The Truth about Maori wards

Helen Clark's Labour Government (2001) introduced petition rights for Maori wards to protect voters against councils manipulating constitutional arrangements without mandates from their community.

When Local ElectoralAct (2001) introduced Maori wards because it involved changing the voting system to include the Maori roll, the same democratic constitutional safeguards were applied, mirroring Sections 27-34, which protected electors if councils decided to change the voting system between First Past the Post (FPP) and Single Transferable Vote (STV) without public consultation.

Maori ward petition rights, in Sections 19ZA to 19ZH of the Local Electoral Act, mirror those under Sections 27-34, enabling electors to challenge council's decision under district-wide referendum with five percent voter support, via a petition. Currently the result binds council for the next two elections.

Helen Clark's ‘direct-democracy' veto only applies in situations where councils change voting systems without community consultation by switching between FPP and STV voting, or introducing Maori wards.

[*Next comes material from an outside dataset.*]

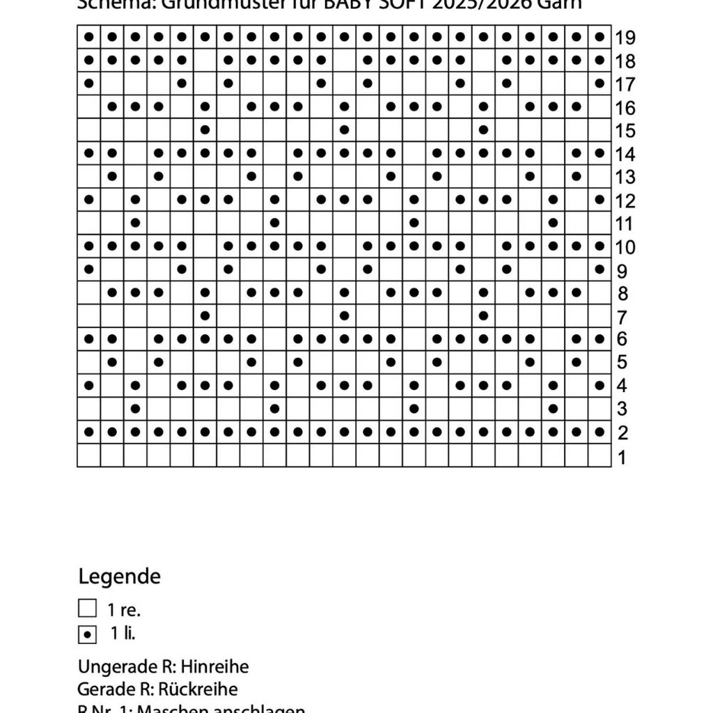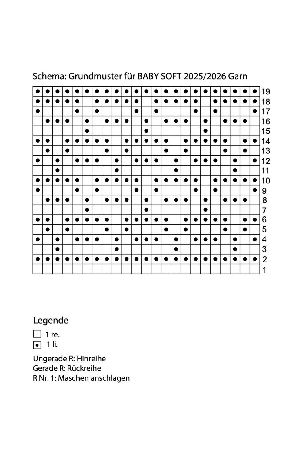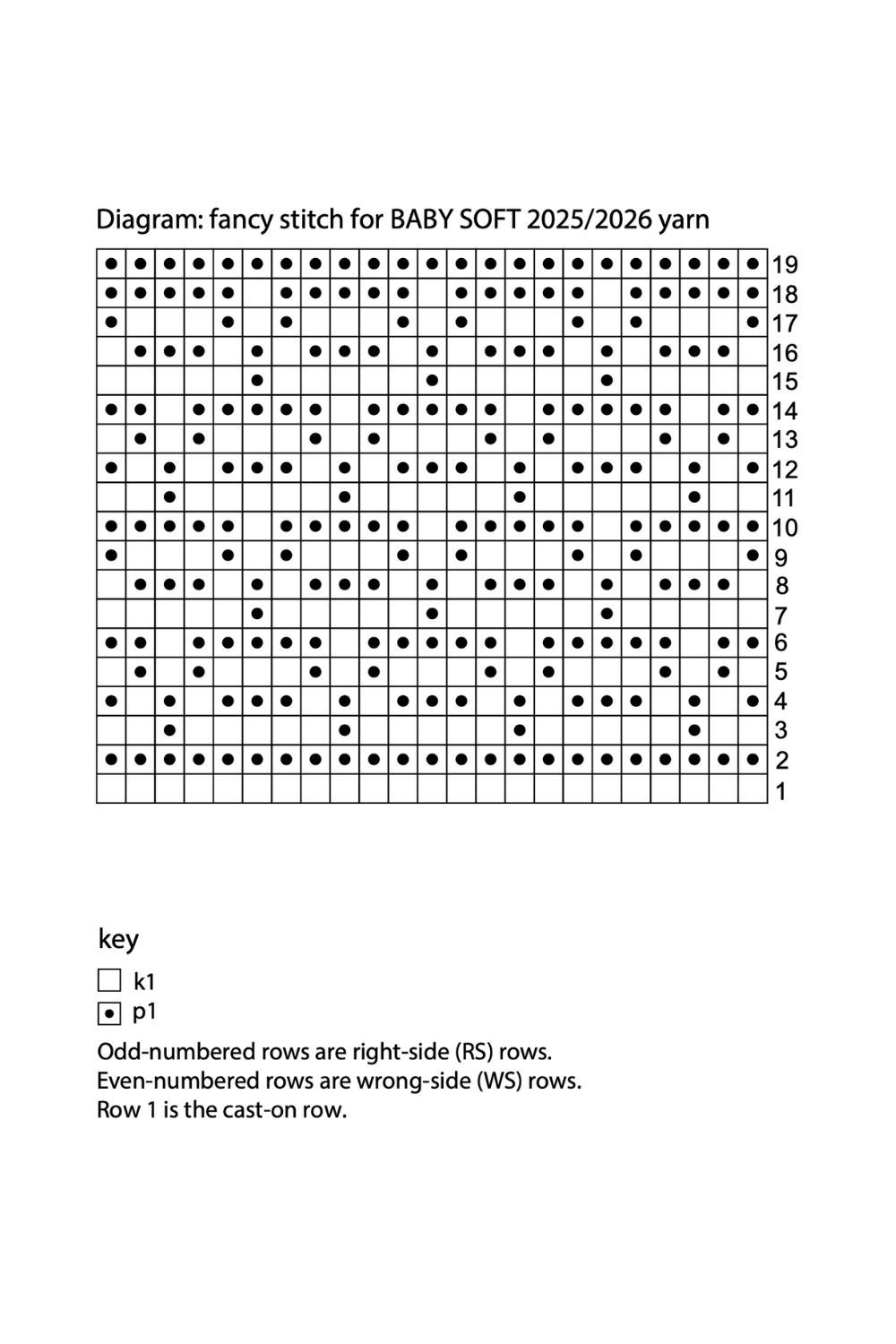 Per le taglie diverse dalla S, nell’esecuzione del punto fantasia, l’inizio del ferro rimarrà identico per tutte le taglie, mentre la fine della sezione a punto fantasia varierà in base al numero di maglie previste.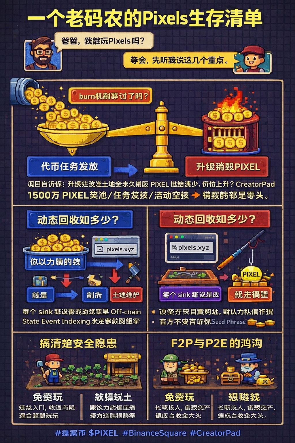 项目方告诉你:升级工具、改善土地,PIXEL会被永久销毁,supply减少,价格上升。听起来很干净。但我翻完白皮书后的第一个问题是:burn rate vs emission rate,到底谁快? CreatorPad这次15M PIXEL的奖池,加上日常任务发放、土地收益、活动空投——销毁的那点零头,在净通胀面前就是营销装饰。

If councils decide to change ward boundaries, amalgamate wards, or remove wards entirely to have councillors elected ‘at large', the voting system wouldn't be changed so no petition rights.

Under NZ democracy it's unconstitutional for governing bodies to change voting systems without public consultation -that's why Helen Clark introduced petition safeguards protecting Kiwis' democratic rights and that's what Minister Mahuta and Maori sovereignty activists now want scrapped.